▸ **SUPPLIED MATERIAL**
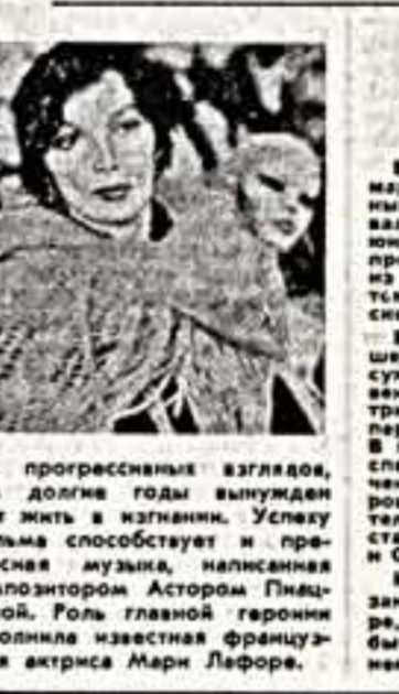
Кадр из фильма «Эксперимент Эвас».
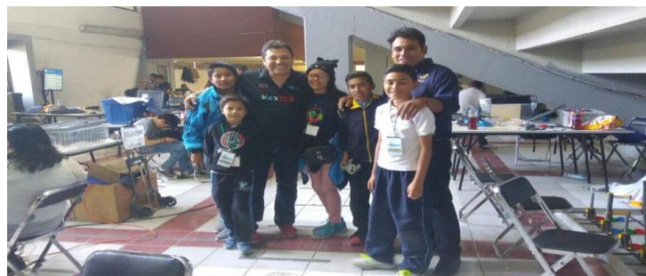
Blvd. Fidel Velázquez S/N, Las Águilas, Tuxtla Gutiérrez, Chiapas

Tel. (961) 6179700 www.sesesp.chiapas.gob.mx
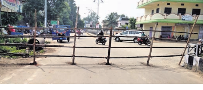
ଛତରଯାତ୍ରା ପାଇଁ ଭବାନୀପାଟଣା ସହରର ରାସ୍ତା ସିଲ୍ କରାଯାଇଛି।

ଏଥିପାଇଁ ଭବାନୀପାଟଣା ସହରରେ ୨୩ ତାରିଖ ରାତି ୧୨ ଟାକୁ ୨୫ ତାରିଖ ପର୍ଯ୍ୟନ୍ତ ୧୪୪ ଧାରା ଜାରି କରାଯାଇଛି। କେବଳ ମେଡିକାଲକୁ ଯିବା ପାଇଁ ବାହାରିଥିବା ଲୋକଙ୍କୁ ସହରକୁ ପ୍ରବେଶ ରହିଛି। ଛତର ସହିତ ପୂଜାର୍ଚ୍ଚନା ଓ ରାତିନାତି ପାଇଁ ମିଳିତ ପକ୍ଷରୁ ୨୦ ଜଣ, ଗୋଟିଏ ଗୁମ୍ଫା ଦଳ ଏବଂ ମିଳିତର ବାଜା ସମେତ ସମୁଦାୟ ୩୨ ଜଣ ଛତର ଯାତ୍ରାରେ ସାମିଲ ହେବେ। ପ୍ରତିବର୍ଷ ମା'ଙ୍କ ଛତରକୁ ଦର୍ଶନ କରିବା ପାଇଁ ରାଜ୍ୟ ତଥା ରାଜ୍ୟ ବାହାରୁ ଲକ୍ଷାଧିକ ଭକ୍ତଙ୍କ ସମାଗମ ହୋଇଥାଏ। ଶହ ଶହ ପଶୁ ପକ୍ଷୀ ବିକି ଡିଆଯାଇଥାଏ। ହେଲେ ଚଳିତ ବର୍ଷ ଦିନା ଭକ୍ତରେ ଛତରଯାତ୍ରା ହେବ। କେହି ବଳି ଦେଇ ପାରିବେ ନାହିଁ ବୋଲି ପ୍ରଶାସନ ପକ୍ଷରୁ କଟକଣା ଜାରି କରାଯାଇଛି।
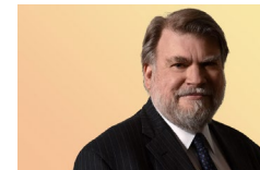
ジェイムス・カステロ パリ
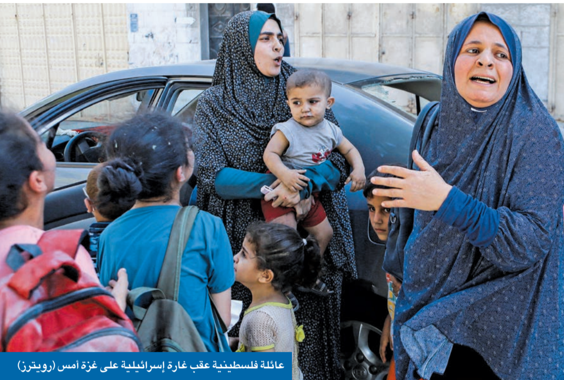
عائلة فلسطينية عقب غارة إسرائيلية على غزة أمس

وقال المجلس، الذي يرأسه محمد جاسم الصقر، في بيان أمس، إن ما تمارسه إسرائيل أمام سمع وبصر المجتمع الدولي من جرائم إبادة وتهجير للشعب الفلسطيني، ومخططاتها لتحويل القطاع إلى معسكر اعتقال وإجبار أكثر من نصف سكانه على إخلاء منازلهم،
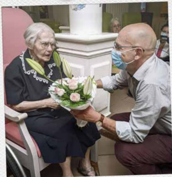
BON ANNIVERSAIRE 107 ANS RÉSIDENCE ABELIA
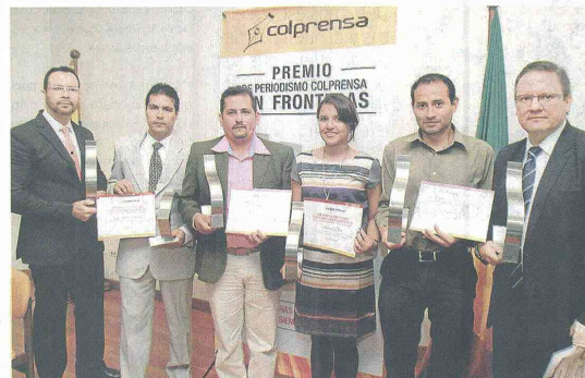
Aquí el grupo de ganadores.

Según el subdirector de Noticias Uno, esta será la oportunidad perfecta "para construir una agenda de paz y generar un espacio de discusión para la reparación de la libertad de expresión", pues ha sido la prensa una de los damnificados de la guerra.
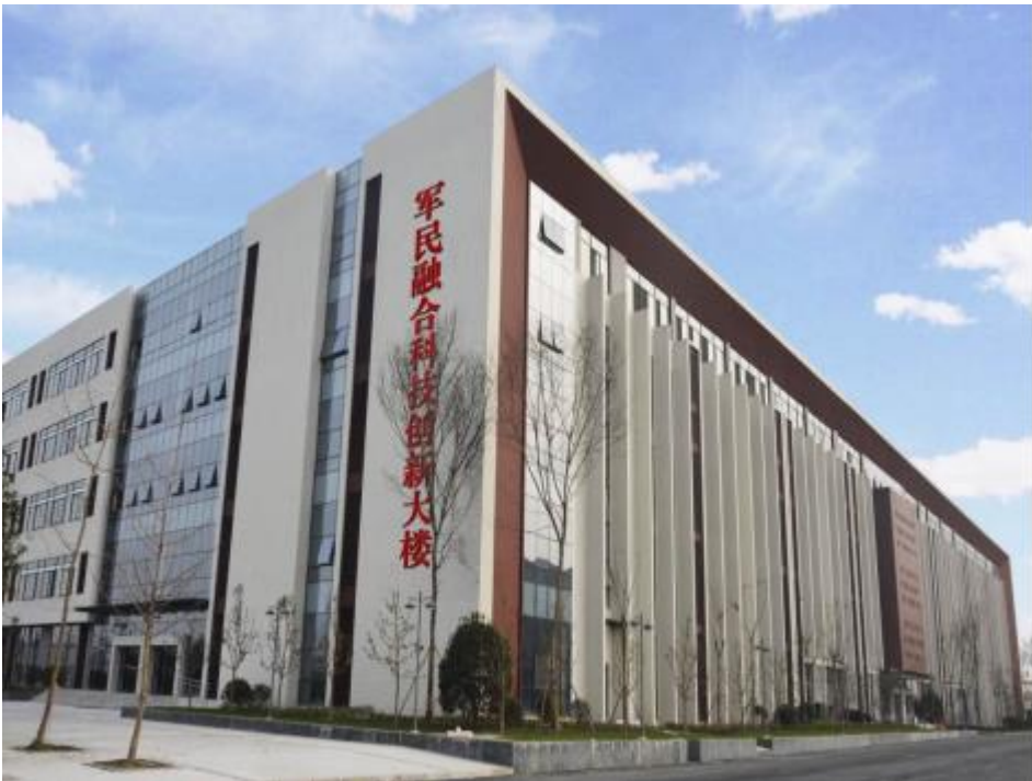
军民融合科技创新大楼
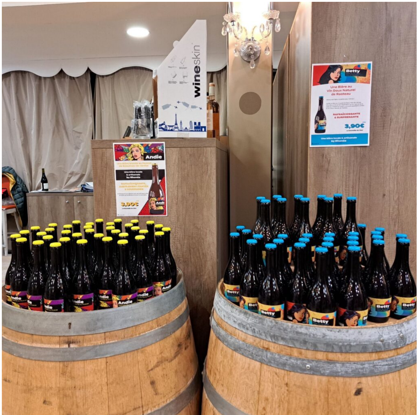
Les bière 'Andie' et 'Betty'.

Autre sujet d'actualité : les machines à désalcooliser. « Nous en avons acquis une il y a deux ans. Nous avons commencé en testant un Côte du Rhône à 11,5° qui a été apprécié, puisque 50 à 60 000 bouteilles de la Cuvée 'Les Artistes' ont été vendues entre 7€ et 8€ » précise Valérie Vincent. Lors de Wine Paris en février 2025, nous allons lancer deux autres nouveautés, l'une à 6°, l'autre à 0° d'alcool. À l'aveugle, je
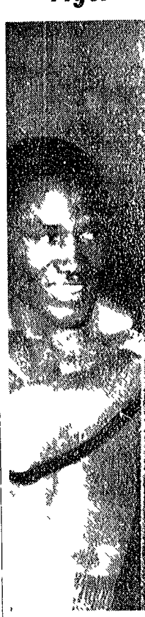
NEW YORK, 25
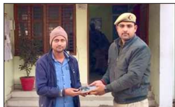
मोबाइल स्वामी को फोन देती पुलिस।
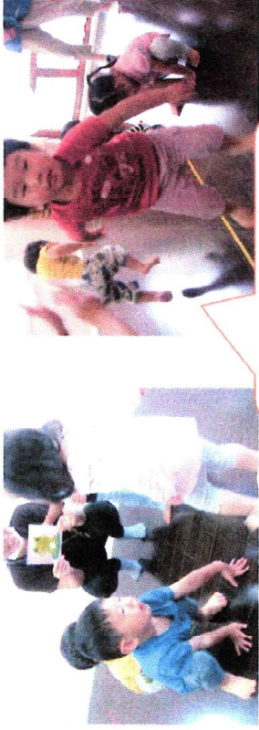
リトミックでかえるに なりきってジャンプ！
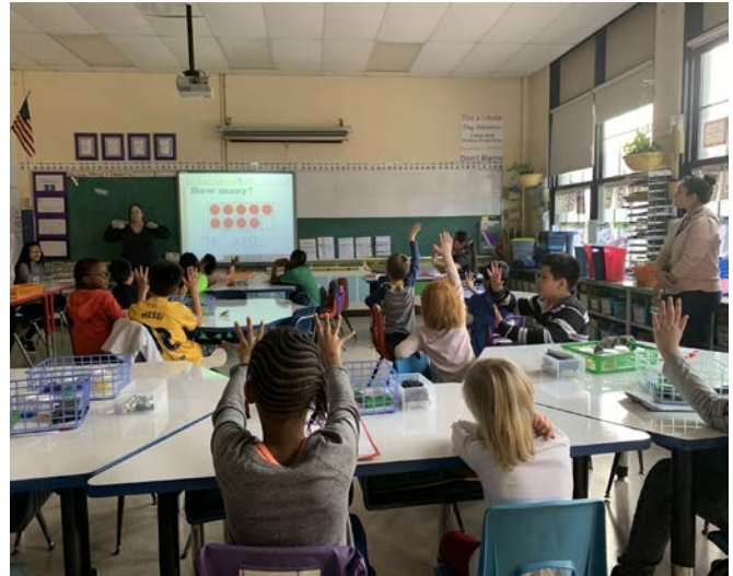
Fourth graders practicing how to make 10 with Kindergarteners Estudiantes de 4to practicando con los de kinder como hacer 10
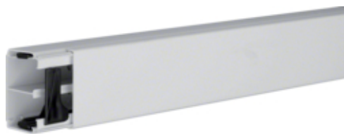
Canal cablu LF 40061, RAL7035
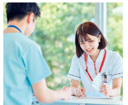
医療従事者の確保対策を推進

将来にわたって本県の地域医療を守り、地域における「持続可能な医療提供体制」を維持するため、関係機関が一丸となり、これまで以上に充実・強化した医師・看護職員・薬剤師の確保対策を展開します。
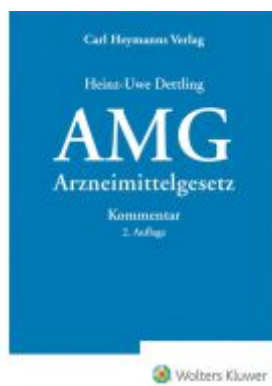
Arzneimittelgesetz - AMG
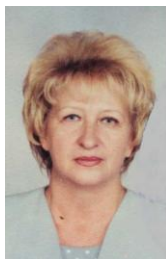
Ответственный исполнитель: кандидат географических наук, доцент Карташевская И.Ф.
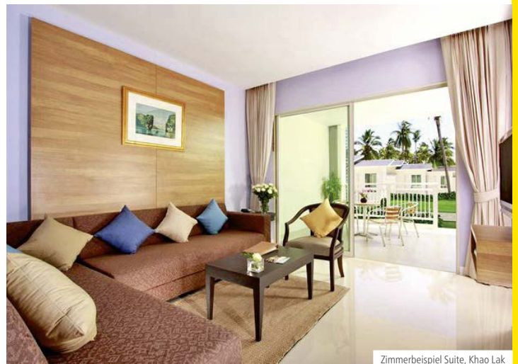
Zimmerbeispiel Suite, Khao Lak
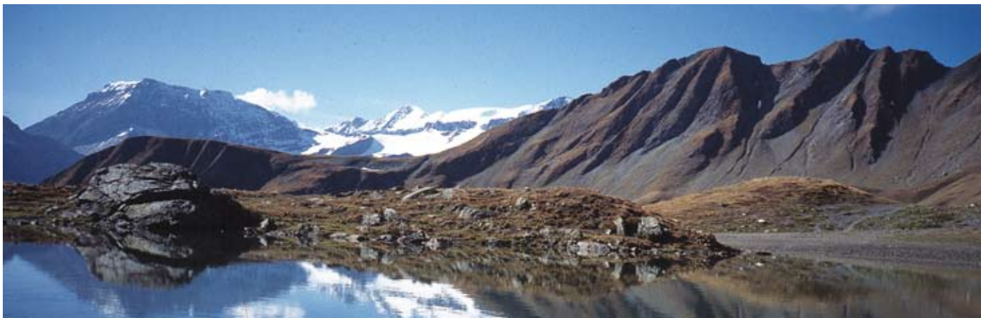
Plattensee, Trinserhorn, Piz Segnas, Piz Sardona
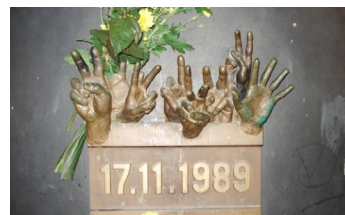
Pamätník Nežnej revolúcie.
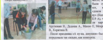
Конкурс «Девочки короны»

Актив отряда юных инспекторов движения школы №74 г. Самара
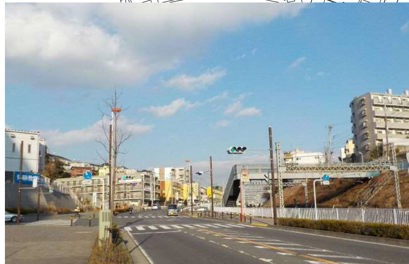
新百合ヶ丘駅方面から望む
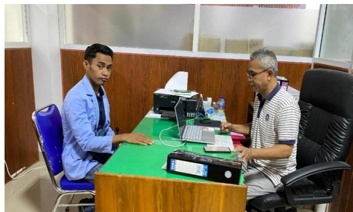
Foto 2. Wawancara
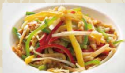
12 黄ニラと豚肉の炒め

▸ **PROBLEM STATEMENT**
Output the data above exactly; pictures do not belong in the copy.

▸ **RESPONSE**
Кадр из фильма «Эксперимент Эвас».
Blvd. Fidel Velázquez S/N, Las Águilas, Tuxtla Gutiérrez, Chiapas

Tel. (961) 6179700 www.sesesp.chiapas.gob.mx
ଛତରଯାତ୍ରା ପାଇଁ ଭବାନୀପାଟଣା ସହରର ରାସ୍ତା ସିଲ୍ କରାଯାଇଛି।

ଏଥିପାଇଁ ଭବାନୀପାଟଣା ସହରରେ ୨୩ ତାରିଖ ରାତି ୧୨ ଟାକୁ ୨୫ ତାରିଖ ପର୍ଯ୍ୟନ୍ତ ୧୪୪ ଧାରା ଜାରି କରାଯାଇଛି। କେବଳ ମେଡିକାଲକୁ ଯିବା ପାଇଁ ବାହାରିଥିବା ଲୋକଙ୍କୁ ସହରକୁ ପ୍ରବେଶ ରହିଛି। ଛତର ସହିତ ପୂଜାର୍ଚ୍ଚନା ଓ ରାତିନାତି ପାଇଁ ମିଳିତ ପକ୍ଷରୁ ୨୦ ଜଣ, ଗୋଟିଏ ଗୁମ୍ଫା ଦଳ ଏବଂ ମିଳିତର ବାଜା ସମେତ ସମୁଦାୟ ୩୨ ଜଣ ଛତର ଯାତ୍ରାରେ ସାମିଲ ହେବେ। ପ୍ରତିବର୍ଷ ମା'ଙ୍କ ଛତରକୁ ଦର୍ଶନ କରିବା ପାଇଁ ରାଜ୍ୟ ତଥା ରାଜ୍ୟ ବାହାରୁ ଲକ୍ଷାଧିକ ଭକ୍ତଙ୍କ ସମାଗମ ହୋଇଥାଏ। ଶହ ଶହ ପଶୁ ପକ୍ଷୀ ବିକି ଡିଆଯାଇଥାଏ। ହେଲେ ଚଳିତ ବର୍ଷ ଦିନା ଭକ୍ତରେ ଛତରଯାତ୍ରା ହେବ। କେହି ବଳି ଦେଇ ପାରିବେ ନାହିଁ ବୋଲି ପ୍ରଶାସନ ପକ୍ଷରୁ କଟକଣା ଜାରି କରାଯାଇଛି।
ジェイムス・カステロ パリ
عائلة فلسطينية عقب غارة إسرائيلية على غزة أمس

وقال المجلس، الذي يرأسه محمد جاسم الصقر، في بيان أمس، إن ما تمارسه إسرائيل أمام سمع وبصر المجتمع الدولي من جرائم إبادة وتهجير للشعب الفلسطيني، ومخططاتها لتحويل القطاع إلى معسكر اعتقال وإجبار أكثر من نصف سكانه على إخلاء منازلهم،
BON ANNIVERSAIRE 107 ANS RÉSIDENCE ABELIA
Aquí el grupo de ganadores.

Según el subdirector de Noticias Uno, esta será la oportunidad perfecta "para construir una agenda de paz y generar un espacio de discusión para la reparación de la libertad de expresión", pues ha sido la prensa una de los damnificados de la guerra.
军民融合科技创新大楼
Les bière 'Andie' et 'Betty'.

Autre sujet d'actualité : les machines à désalcooliser. « Nous en avons acquis une il y a deux ans. Nous avons commencé en testant un Côte du Rhône à 11,5° qui a été apprécié, puisque 50 à 60 000 bouteilles de la Cuvée 'Les Artistes' ont été vendues entre 7€ et 8€ » précise Valérie Vincent. Lors de Wine Paris en février 2025, nous allons lancer deux autres nouveautés, l'une à 6°, l'autre à 0° d'alcool. À l'aveugle, je
NEW YORK, 25
मोबाइल स्वामी को फोन देती पुलिस।
リトミックでかえるに なりきってジャンプ！
Fourth graders practicing how to make 10 with Kindergarteners Estudiantes de 4to practicando con los de kinder como hacer 10
Canal cablu LF 40061, RAL7035
医療従事者の確保対策を推進

将来にわたって本県の地域医療を守り、地域における「持続可能な医療提供体制」を維持するため、関係機関が一丸となり、これまで以上に充実・強化した医師・看護職員・薬剤師の確保対策を展開します。
Arzneimittelgesetz - AMG
Ответственный исполнитель: кандидат географических наук, доцент Карташевская И.Ф.
Zimmerbeispiel Suite, Khao Lak
Plattensee, Trinserhorn, Piz Segnas, Piz Sardona
Pamätník Nežnej revolúcie.
Конкурс «Девочки короны»

Актив отряда юных инспекторов движения школы №74 г. Самара
新百合ヶ丘駅方面から望む
Foto 2. Wawancara
12 黄ニラと豚肉の炒め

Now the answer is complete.